ESGNOW.ID, JAKARTA -- Aliansi masyarakat sipil Indonesia menolak rencana pembukaan 20 juta hektare hutan untuk pangan dan energi atau hampir dua kali luas Pulau Jawa untuk memenuhi kebutuhan energi dan pangan. Aliansi menilai rencana ambisius ini tidak logis, baik secara hitungan ekonomi dan ekologis. Daya dukung lingkungan harus diperhatikan dalam pelaksanaan program ini.
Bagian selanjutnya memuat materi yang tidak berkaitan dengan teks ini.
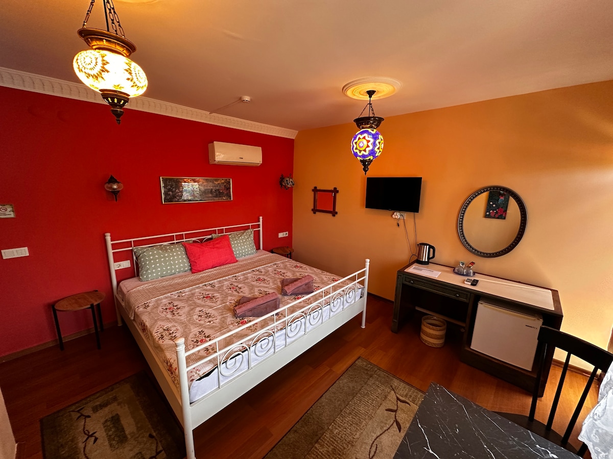 A 200 years old, two floor house. There is a stone wall living room downstairs. 2 double bedroom and one single bedroom is situated on the second floor along with bathroom and a hall way. The house is looking to the famous Şirince village from like a tophill and yet all the amenities of the village is in short walk distance. U r entering the house through a garden. U can as well enjoy the serenity of our garden and benefit our mostly home made beverages that we serve at our cafe

Berdasarkan data Kementerian Kehutanan tertanggal 5 Desember 2024, peruntukan 20 juta hektare akan digunakan untuk mencapai swasembada energi. Pemerintah berusaha memangkas ketergantungan impor bahan bakar minyak (BBM) dengan pengembangan bioenergi. Terkait bioenergi, kebijakan biodiesel sedang didorong untuk pengembangan B40. Pengembangan biodiesel sendiri sudah menciptakan dinamika ketika minyak sawit harus berbagi peran antara pemenuhan kebutuhan pangan dengan energi.
Menurut Direktur Eksekutif Satya Bumi Andi Muttaqien, produksi bahan bakar nabati, seperti sawit, jelas perlu memperhatikan daya dukung lingkungan. Riset Satya Bumi dengan lembaga lainnya pada 2024 menunjukkan nilai batas atas 'cap' sawit Indonesia berdasarkan daya dukung dan daya tampung lingkungan hidup (D3TLH) hanya sampai pada angka 18,15 juta hektare. Sementara berdasarkan data MapBiomas 2022, luas perkebunan sawit existing sudah mencapai 17,77 juta haktare.
“Rencana perluasan 20 juta hektare lahan ini berpotensi menambah luas perkebunan sawit existing hingga lebih dari dua kali lipat dari kapasitas daya dukung dan daya tampung lingkungan. Beban lingkungan ini tentunya akan mengakibatkan kerusakan lingkungan semakin parah hingga terancamnya keberlangsungan hidup manusia dan biodiversitas,” kata Andi seperti dikutip dalam pernyataan aliansi, Senin (20/1/2025).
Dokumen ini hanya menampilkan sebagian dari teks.